The main indications for the exercise test were diagnosis of coronary artery disease (CAD), an assessment of the vulnerability to arrhythmia during exercise, and evaluation of work capacity and adequacy of the CAD treatment, as well as the need to obtain an exercise test profile prior to an invasive procedure or after a myocardial infarction. The study protocol was approved by the Ethics Committee of the Tampere University Hospital District, Finland, and all patients gave informed consent prior to the interview and measurements.

Exercise electrocardiogram recordings

Symptom limited exercise tests were performed using a bicycle ergometer. The Mason-Likar modification with two additional leads was used in the 12-lead ECG recording. The exercise protocol consisted of an initial workload of 20–30 W with a gradual increase in load in steps of 10–30 W/min. Continuous digital ECG at 500 Hz was recorded throughout the test with CardioSoft exercise ECG system (Version 4.14, GE Medical Systems, Freiburg, Germany).

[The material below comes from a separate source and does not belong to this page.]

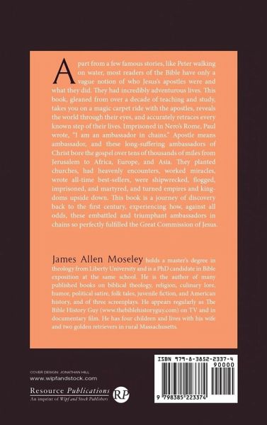 Apart from a few famous stories, like Peter walking on water, most readers of the Bible have only a vague notion of who Jesus's apostles were and what they did. They had incredibly adventurous lives. This book, gleaned from over a decade of teaching and study, takes you on a magic carpet ride with the apostles, reveals the world through their eyes, and accurately retraces every known step of their lives. Imprisoned in Nero's Rome, Paul wrote, ""I am an ambassador in chains."" Apostle means ambassador, and these long-suffering ambassadors of Christ bore the gospel over tens of thousands of miles from Jerusalem to Africa, Europe, and Asia. They planted churches, had heavenly encounters, worked miracles, wrote all-time best-sellers, were shipwrecked, flogged, imprisoned, and martyred, and turned empires and kingdoms upside down. This book is a journey of discovery back to the first century, experiencing how, against all odds, these embattled and triumphant ambassadors in chains so perfectly fulfilled the Great Commission of Jesus.
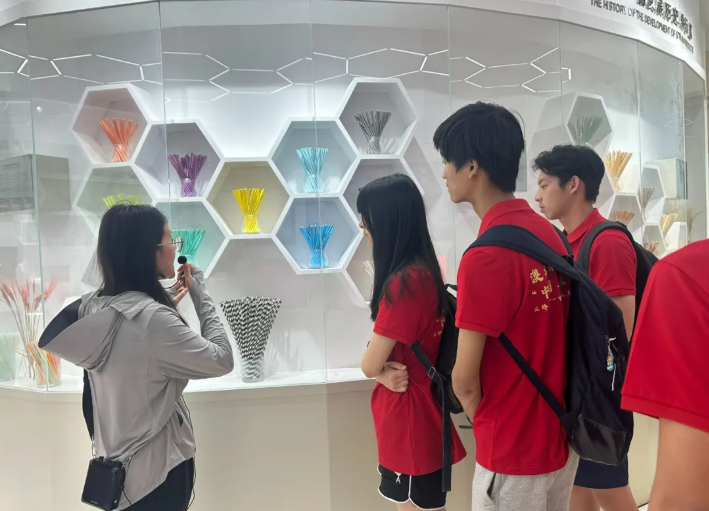 隨后,同學們深入吸管博物館展區(qū),逐一探索了吸管的歷史演變:從原始的秸稈吸管,到工業(yè)初期的紙制吸管,再到現(xiàn)代普及的塑料吸管,直至未來趨勢的聚乳酸可降解吸管,每一步都見證了人類智慧與環(huán)保意識的進步。

QRS-T morphology descriptors

The signal processing and the subsequent analysis were carried out with custom-made software written in Matlab (MathWorks, Inc., Natick, MA, USA). Powerline interference was reduced with a notch filter at 50 Hz. Baseline wander was removed with cubic spline interpolation through the PQ intervals. High frequency noise was suppressed with a 40 Hz lowpass filter. Ectopic and abnormally shaped beats were automatically removed from the analysis. Beats were considered to be ectopic if the preceding RR interval differed by >20% of the last valid RR interval. Beats with deviating morphology were identified with template matching; the initial template was constructed from the first 10 normal beats, and it was updated with each accepted beat. The threshold for acceptance was 95% match.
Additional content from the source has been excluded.